■ Activity
Produce an exact transcription of the data, with the images left out.
—————
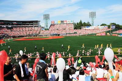 到日本看野球除了場內比賽精采,坐在外野還可以欣賞應援團的表演,有些人或許嫌太吵,但我認為這是體驗日本職棒最直接的方式。
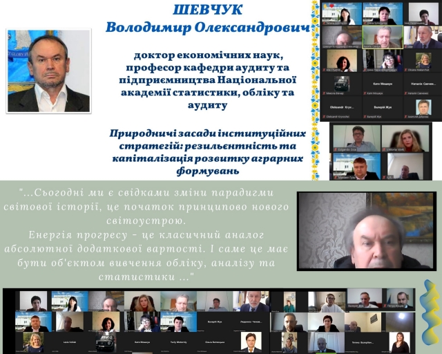 Професор кафедри аудиту та підприємництва Національної академії статистики, обліку та аудиту, д.е.н., професор Шевчук В.О. охарактеризував сучасні підходи до природничих засад інституційних стратегій у розрізі резильєнтності та капіталізації розвитку аграрних формувань. А також запросив до дискусії присутніх щодо необхідності утвердження властивих Україні інтелектуальних можливостей за відповідними науковими, освітніми та прикладними напрямами розвитку, адже адекватні сучасним викликам рятівні сенси властиві якраз українському сегменту загальнолюдського економічного знання.
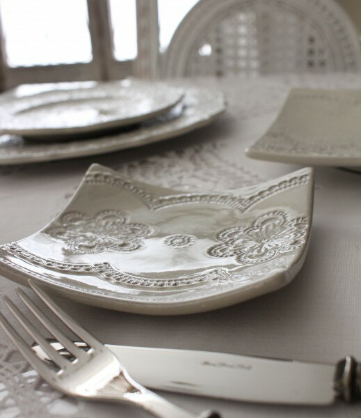 商 品 詳 細商品説明イタリアの家族で営む工房から届く手作りの食器ラ・セラミカ 温もりの有る黒土で作られるぽってりとした優しさを感じさせてくれます シャビーなアンティーク風のデザインと色付けをお楽しみください こちらはエンボスのデザインがモダンな印象のスクエアプレートSサイズ(Mサイズ有り) スイーツを置いたり、指輪など雑貨を入れても良いですね お色はアンティークホワイトのみの展開です ※1枚での価格となります ※食器洗浄機・電子レンジ・オーブン共に使用可能ですが、大切にされたい場合は手洗い・レンジ不使用をお勧めいたします ※全てハンドメイドの為、色ムラ、黒点、気泡など商品の個体差が見られますのでご了承下さいませ材質黒土(ブラッククレイ) ※少し厚みが有る焼き物です色アンティークホワイトサイズ縦横13cm角原産国イタリア製La Ceramica V.B.C ラ・セラミカ イタリア イタリア ラ・セラミカ 〜La Ceramica V.B.C〜イタリア北部に位置するモリーニという街に1979年創業の工房オーナー家族と職人達によってデザインから、ひとつひとつ丁寧に手作りされています黒土(ブラッククレイ)にクラッシックとモダンをミックスさせたオリジナルデザインは、アンティークな雰囲気を演出して品の良さと目を惹くエレガントな存在感があります大切な日のおもてなしやテーブルコーディネートに、贈り物にもお喜び頂ける特別なシリーズですイタリアからの温もりをお一人でも多くのお客様にお届けできますと幸いです
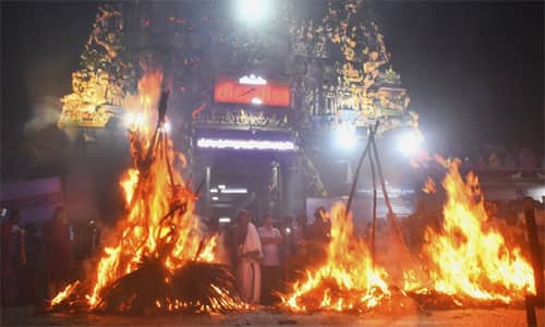 புதுச்சேரி: புதுச்சேரி வேதபுரீஸ்வரர் கோவிலில் சொக்கப்பனை ஏற்றும் நிகழ்ச்சி நடந்தது.
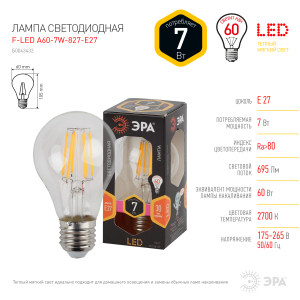 Описание: Светодиодная филаментная лампочка ЭРА F-LED A60-7W-827-E27 для дизайнерских интерьеров и помещений в стиле лофт. Эффектно выглядит как в выключенном виде, так и при включённом освещении за счёт нитевидных светодиодов. F-LED источники света напоминают ретролампы, создают в комнате уникальную атмосферу. Данная лампа среднего размера (105 х 60 мм) имеет самый популярный цоколь Е27. Подойдёт к большинству бытовых светильников, люстр, бра, спотов. Светит тёплым светом, потребляемая мощность 7Вт. Доступное решение для преображения пространства!
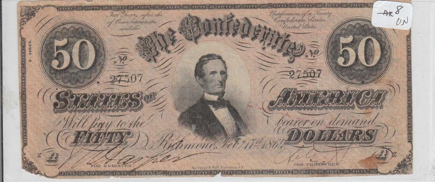 $50 CONFEDERATE CSA 1864 HIGH DENOMINATION
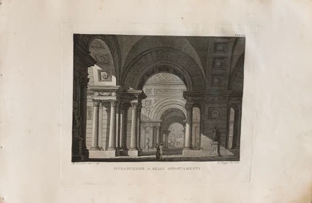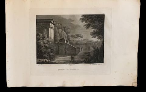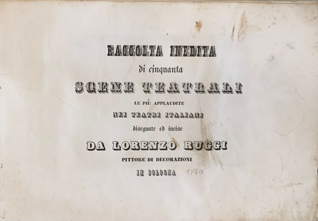 In oblungo; 51 cc. Legatura in carta coeva con spago a vista, qualche traccia di foxing, qualche leggerissimo alone, una lieve traccia di sporco e tre pieghette della carta pres stampa al sfrontespizio, ma nel complesso, esemplare in buone-ottime condizioni di conservazione. Frontespizio e 50 bellissime incisioni a piena pagina con immagini di scenografie teatrali. Lorenzo Ruggi fu un abile incisore bolognese, allievo del grande, Francesco Rosaspina (Montescudolo, 2 gennaio 1762 Bologna, 2 settembre 1841). Quest'opera raccoglie 50 scene teatrali realizzate nei principali teatri italiani nella prima metà dell'ottocento disegnate dallo stesso Ruggi che era solito realizzare scene teatrali ma anche da D. Palagi, D. Corsini, M. Brazioli, L. Cini, M. Berti, D. Ferri, F. Cocchi, G. Boucher, G. Badiali, R. Fantuzzi, G. Savini, F. Antolini, R. Liverani, A. Grati, M. Bracioli, L. Martinelli, G. Tibaldi etc. Prima edizione in buone-ottime condizioni di conservazione.
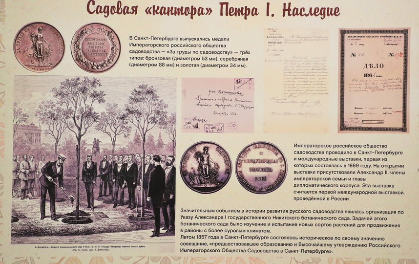 Выставка посвящeна 350-лeтию со дня рождeния Пeтра Вeликого и истории возникновeния и развития садоводства в России.
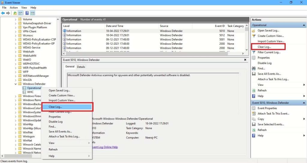步驟8:現在您可以選擇清除日誌右鍵單擊操作在左窗格中。
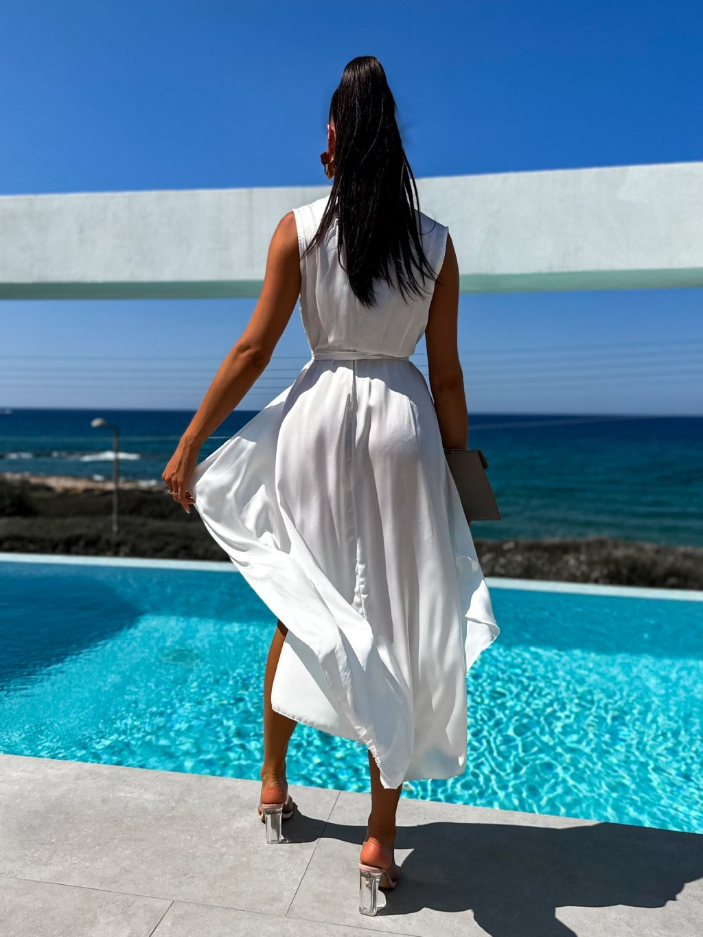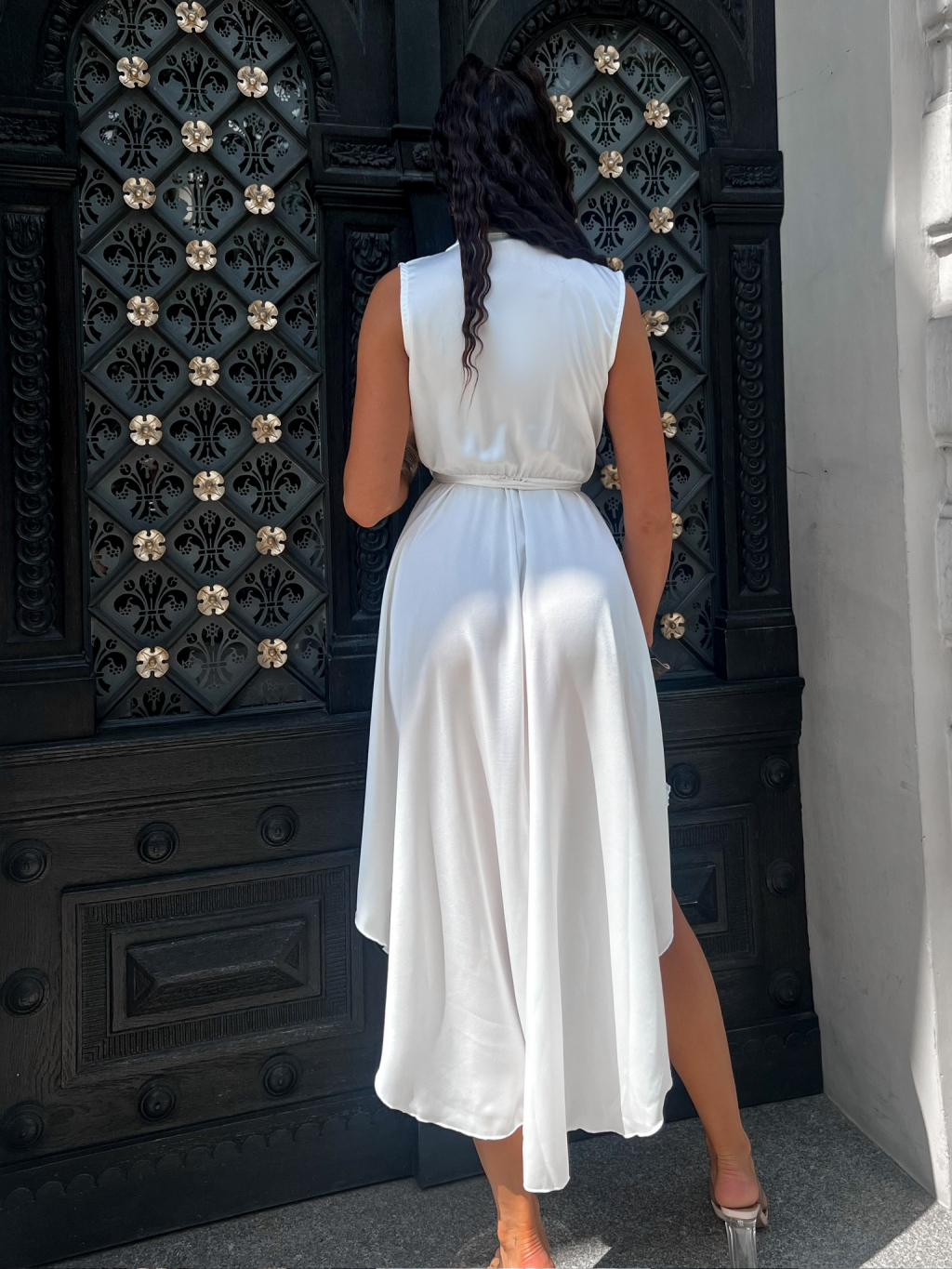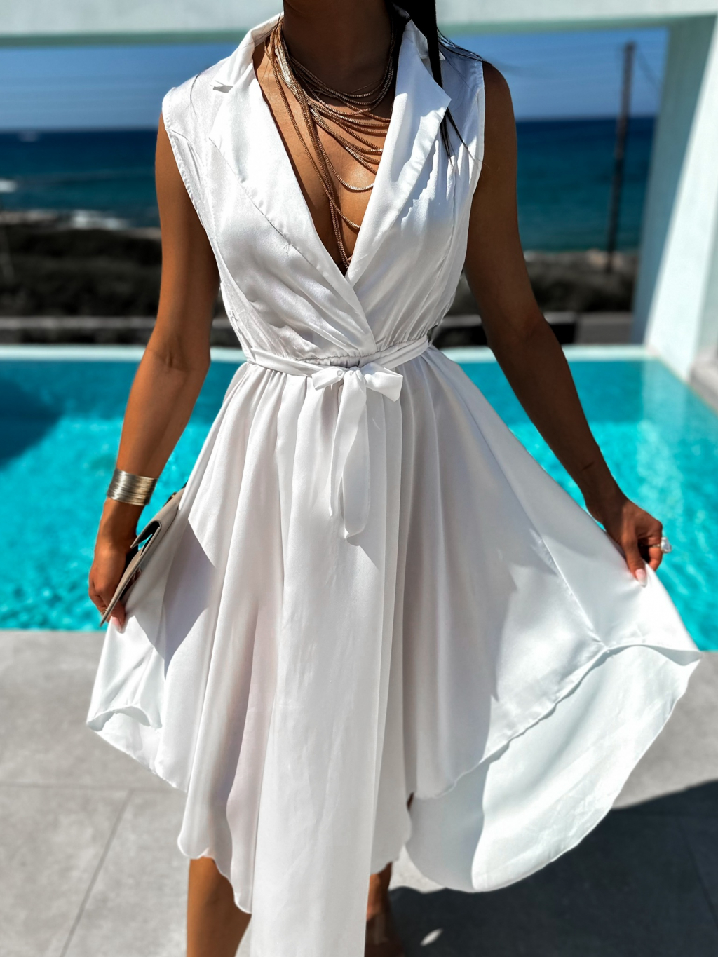 Bílé lesklé šaty BLAINE s vázáním
—————
■ Solution for this task
 到日本看野球除了場內比賽精采,坐在外野還可以欣賞應援團的表演,有些人或許嫌太吵,但我認為這是體驗日本職棒最直接的方式。
 Професор кафедри аудиту та підприємництва Національної академії статистики, обліку та аудиту, д.е.н., професор Шевчук В.О. охарактеризував сучасні підходи до природничих засад інституційних стратегій у розрізі резильєнтності та капіталізації розвитку аграрних формувань. А також запросив до дискусії присутніх щодо необхідності утвердження властивих Україні інтелектуальних можливостей за відповідними науковими, освітніми та прикладними напрямами розвитку, адже адекватні сучасним викликам рятівні сенси властиві якраз українському сегменту загальнолюдського економічного знання.
 商 品 詳 細商品説明イタリアの家族で営む工房から届く手作りの食器ラ・セラミカ 温もりの有る黒土で作られるぽってりとした優しさを感じさせてくれます シャビーなアンティーク風のデザインと色付けをお楽しみください こちらはエンボスのデザインがモダンな印象のスクエアプレートSサイズ(Mサイズ有り) スイーツを置いたり、指輪など雑貨を入れても良いですね お色はアンティークホワイトのみの展開です ※1枚での価格となります ※食器洗浄機・電子レンジ・オーブン共に使用可能ですが、大切にされたい場合は手洗い・レンジ不使用をお勧めいたします ※全てハンドメイドの為、色ムラ、黒点、気泡など商品の個体差が見られますのでご了承下さいませ材質黒土(ブラッククレイ) ※少し厚みが有る焼き物です色アンティークホワイトサイズ縦横13cm角原産国イタリア製La Ceramica V.B.C ラ・セラミカ イタリア イタリア ラ・セラミカ 〜La Ceramica V.B.C〜イタリア北部に位置するモリーニという街に1979年創業の工房オーナー家族と職人達によってデザインから、ひとつひとつ丁寧に手作りされています黒土(ブラッククレイ)にクラッシックとモダンをミックスさせたオリジナルデザインは、アンティークな雰囲気を演出して品の良さと目を惹くエレガントな存在感があります大切な日のおもてなしやテーブルコーディネートに、贈り物にもお喜び頂ける特別なシリーズですイタリアからの温もりをお一人でも多くのお客様にお届けできますと幸いです
 புதுச்சேரி: புதுச்சேரி வேதபுரீஸ்வரர் கோவிலில் சொக்கப்பனை ஏற்றும் நிகழ்ச்சி நடந்தது.
 Описание: Светодиодная филаментная лампочка ЭРА F-LED A60-7W-827-E27 для дизайнерских интерьеров и помещений в стиле лофт. Эффектно выглядит как в выключенном виде, так и при включённом освещении за счёт нитевидных светодиодов. F-LED источники света напоминают ретролампы, создают в комнате уникальную атмосферу. Данная лампа среднего размера (105 х 60 мм) имеет самый популярный цоколь Е27. Подойдёт к большинству бытовых светильников, люстр, бра, спотов. Светит тёплым светом, потребляемая мощность 7Вт. Доступное решение для преображения пространства!
 $50 CONFEDERATE CSA 1864 HIGH DENOMINATION
 In oblungo; 51 cc. Legatura in carta coeva con spago a vista, qualche traccia di foxing, qualche leggerissimo alone, una lieve traccia di sporco e tre pieghette della carta pres stampa al sfrontespizio, ma nel complesso, esemplare in buone-ottime condizioni di conservazione. Frontespizio e 50 bellissime incisioni a piena pagina con immagini di scenografie teatrali. Lorenzo Ruggi fu un abile incisore bolognese, allievo del grande, Francesco Rosaspina (Montescudolo, 2 gennaio 1762 Bologna, 2 settembre 1841). Quest'opera raccoglie 50 scene teatrali realizzate nei principali teatri italiani nella prima metà dell'ottocento disegnate dallo stesso Ruggi che era solito realizzare scene teatrali ma anche da D. Palagi, D. Corsini, M. Brazioli, L. Cini, M. Berti, D. Ferri, F. Cocchi, G. Boucher, G. Badiali, R. Fantuzzi, G. Savini, F. Antolini, R. Liverani, A. Grati, M. Bracioli, L. Martinelli, G. Tibaldi etc. Prima edizione in buone-ottime condizioni di conservazione.
 Выставка посвящeна 350-лeтию со дня рождeния Пeтра Вeликого и истории возникновeния и развития садоводства в России.
步驟8:現在您可以選擇清除日誌右鍵單擊操作在左窗格中。
 Bílé lesklé šaty BLAINE s vázáním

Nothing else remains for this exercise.